→ Activity: From first line to last, print the records exactly, but leave out the pictures.

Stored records
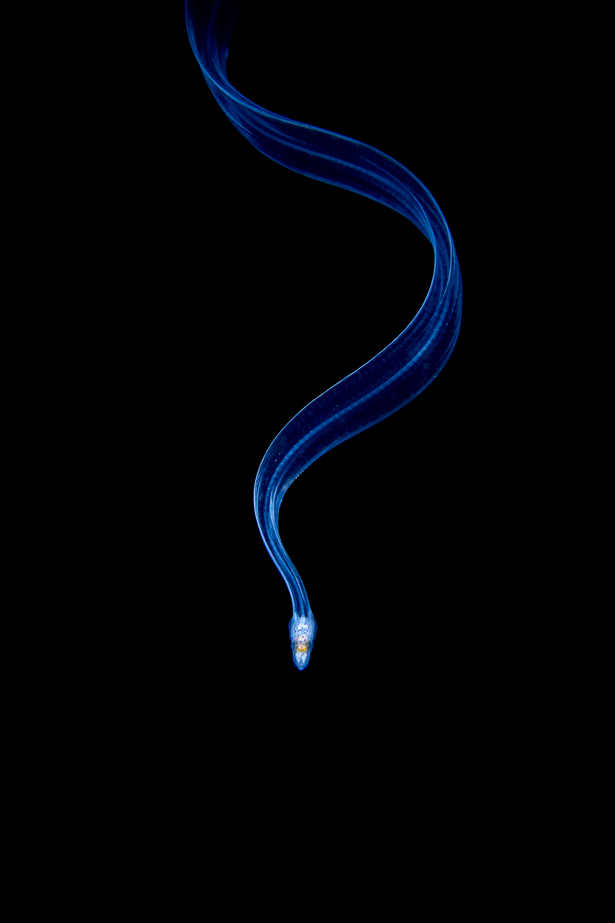 Dans notre palmarès figure aussi la photo prise par Galice Hoarau dans la catégorie « Animals », gagnante de la catégorie en question et de l’édition 2020 du concours. Le cliché portrait une larve d’anguille repérée au large de l’île de Lembeh (Indonésie) pendant une plongée nocturne en pleine mer. La photographie sous-marine la nuit permet d’accéder à un monde inconnu mais comporte aussi des risques, puisqu’elle se passe généralement en eaux profondes ou très profondes.
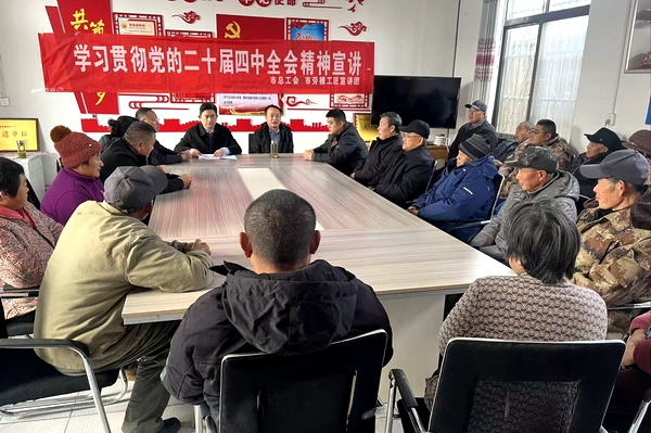 滕州市总工会、市劳模工匠宣讲团成员张岱超、邱士文来界河镇辖区工会联合会开展学习贯彻党的二十届四中全会精神宣讲。人大副主席李广贺及相关部门负责同志陪同活动。
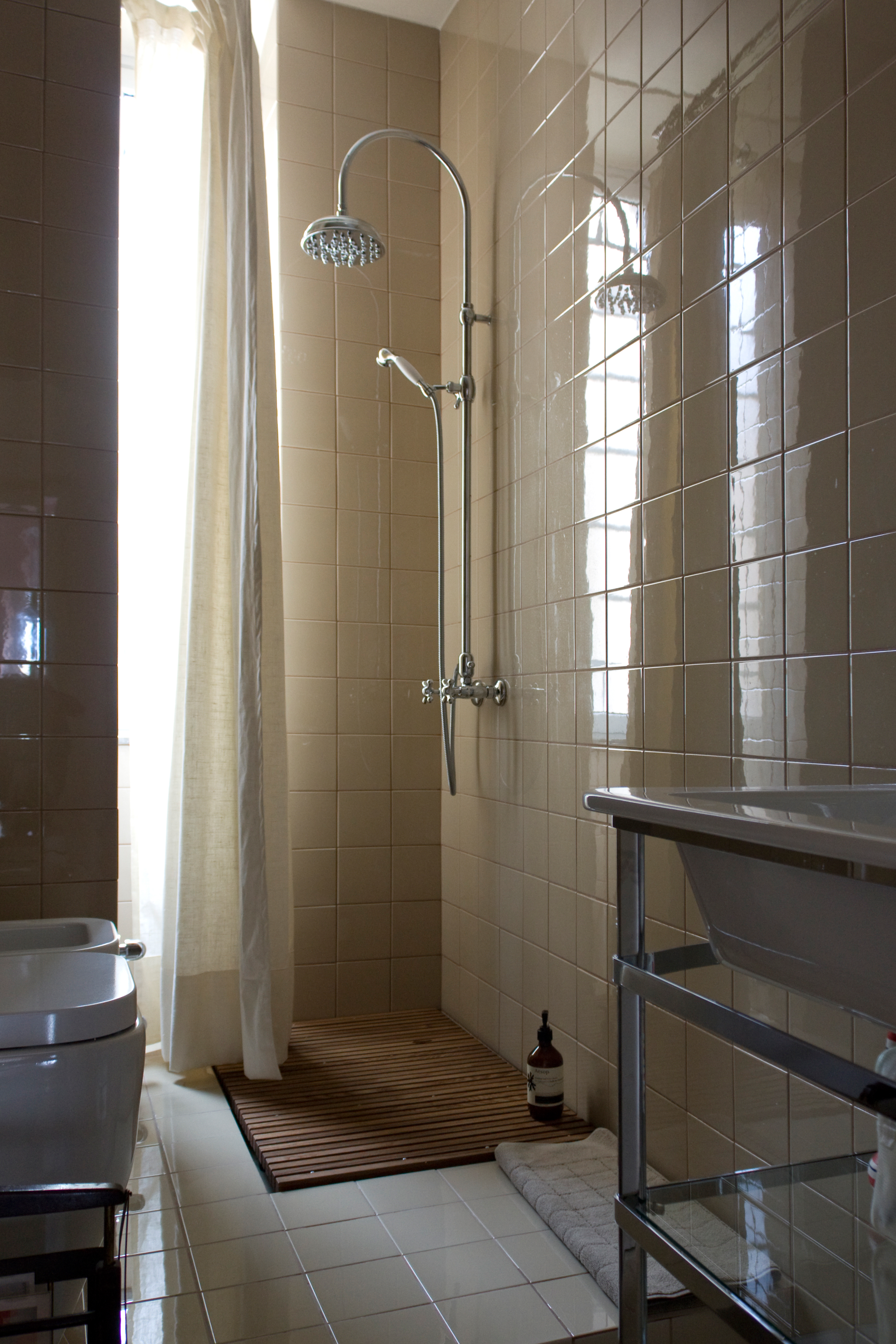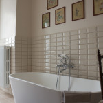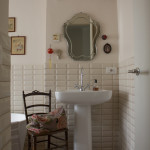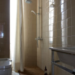 Nei bagni ai sanitari dalla linea classica associamo la vasca a catino in tecnoril del bagno dedicato alle ragazze e una doccia filo-pavimento nel bagno maschile.
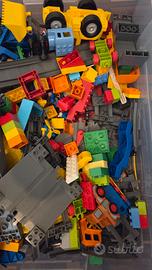 2 contenitori come da foto di Lego Duplo originali. Pezzi vari con treno e binari completi, macchine Cars, fattoria, animali, piattaforma e altri pezzi.
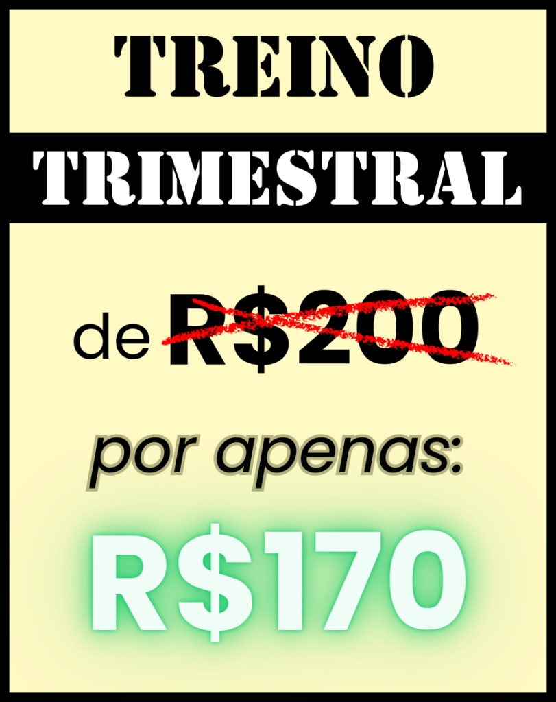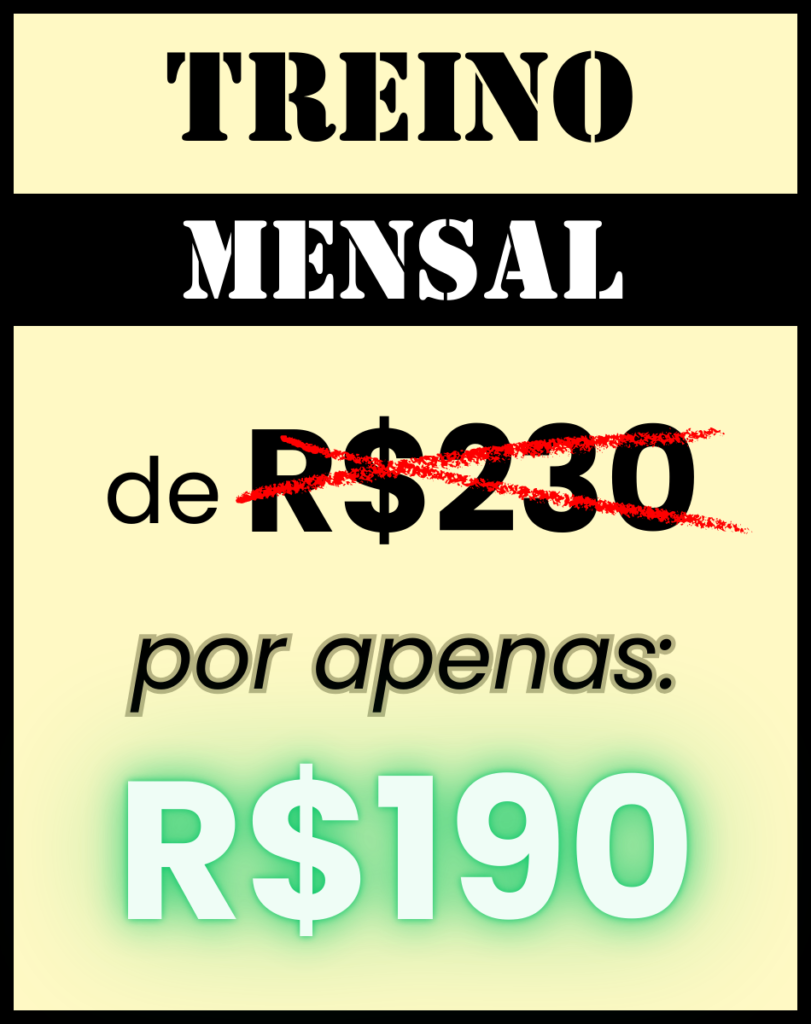 Você receberá um planilha de treinos individualizada para seu momento e disponibilidade!

→ Task result:
 Dans notre palmarès figure aussi la photo prise par Galice Hoarau dans la catégorie « Animals », gagnante de la catégorie en question et de l’édition 2020 du concours. Le cliché portrait une larve d’anguille repérée au large de l’île de Lembeh (Indonésie) pendant une plongée nocturne en pleine mer. La photographie sous-marine la nuit permet d’accéder à un monde inconnu mais comporte aussi des risques, puisqu’elle se passe généralement en eaux profondes ou très profondes.
 滕州市总工会、市劳模工匠宣讲团成员张岱超、邱士文来界河镇辖区工会联合会开展学习贯彻党的二十届四中全会精神宣讲。人大副主席李广贺及相关部门负责同志陪同活动。
 Nei bagni ai sanitari dalla linea classica associamo la vasca a catino in tecnoril del bagno dedicato alle ragazze e una doccia filo-pavimento nel bagno maschile.
 2 contenitori come da foto di Lego Duplo originali. Pezzi vari con treno e binari completi, macchine Cars, fattoria, animali, piattaforma e altri pezzi.
 Você receberá um planilha de treinos individualizada para seu momento e disponibilidade!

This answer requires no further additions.